(INSTRUCTIONS TO FOLLOW) Your copy of the listing should match it exactly, only without pictures.

(INFORMATION SHOWN)
Content starts

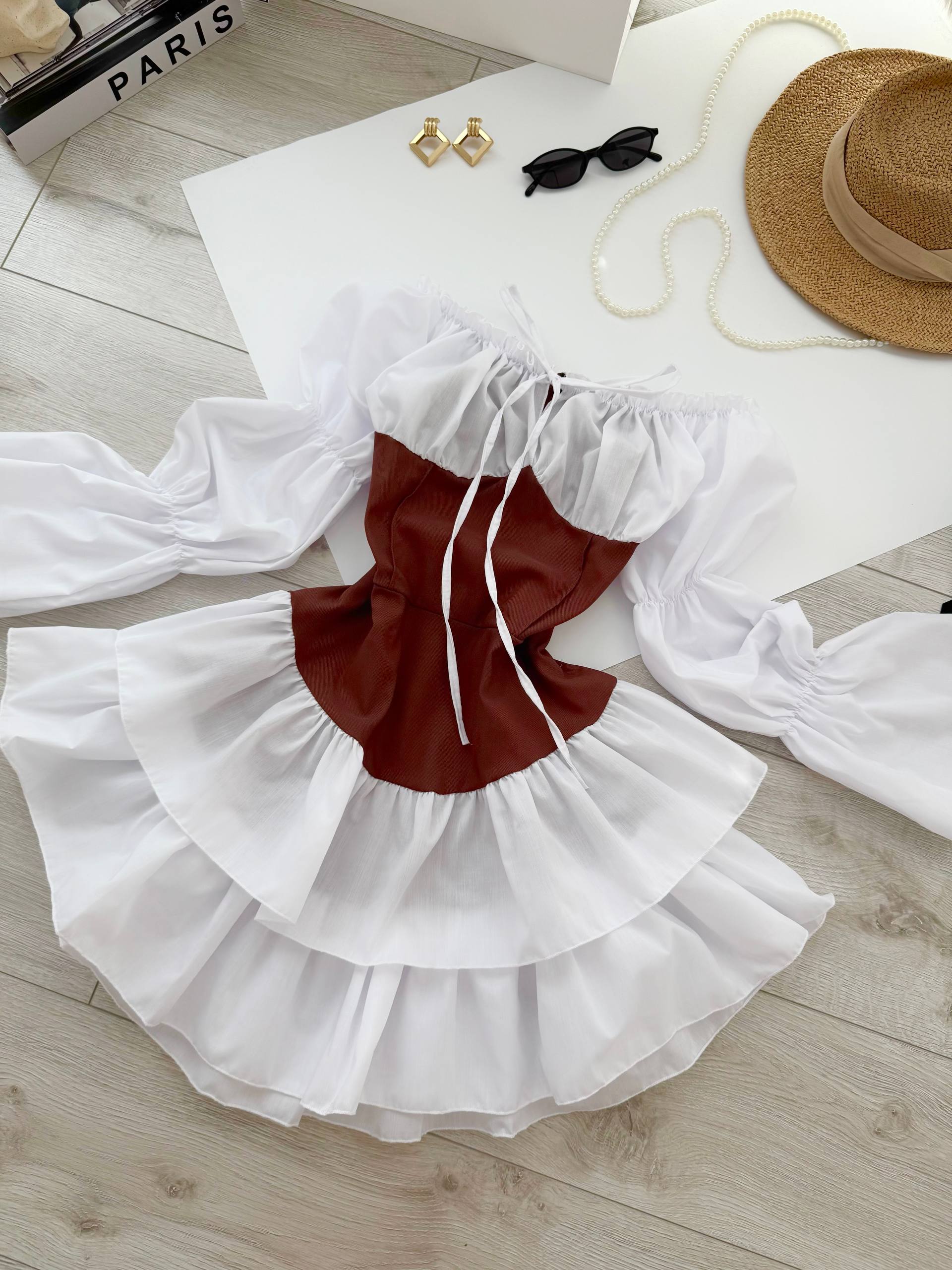 Выполнена из ткани, спинка на потайной молнии и завязках для идеальной посадки по талии.
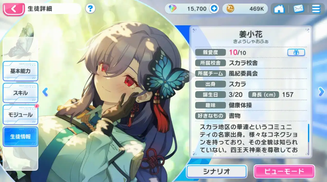 スカラ地区の華連というコミュニティの名家出身。様々なコネクションを持っており、その全貌は知られていない。 四天王神楽を尊敬しており、彼女のためなら多少の無理も押し通す。 辛いものは苦手で隠しているが、周知の事実となっている。
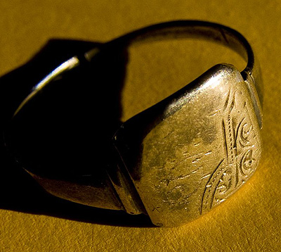 Photo of the ring that Robert McGarvie was wearing at the time of the crash, this ring was used by the American investigators to give a postive ID on Robert's body - Photo Dave McGarvie |

Content ends

(TASK SOLUTION)
 Выполнена из ткани, спинка на потайной молнии и завязках для идеальной посадки по талии.
 スカラ地区の華連というコミュニティの名家出身。様々なコネクションを持っており、その全貌は知られていない。 四天王神楽を尊敬しており、彼女のためなら多少の無理も押し通す。 辛いものは苦手で隠しているが、周知の事実となっている。
 Photo of the ring that Robert McGarvie was wearing at the time of the crash, this ring was used by the American investigators to give a postive ID on Robert's body - Photo Dave McGarvie |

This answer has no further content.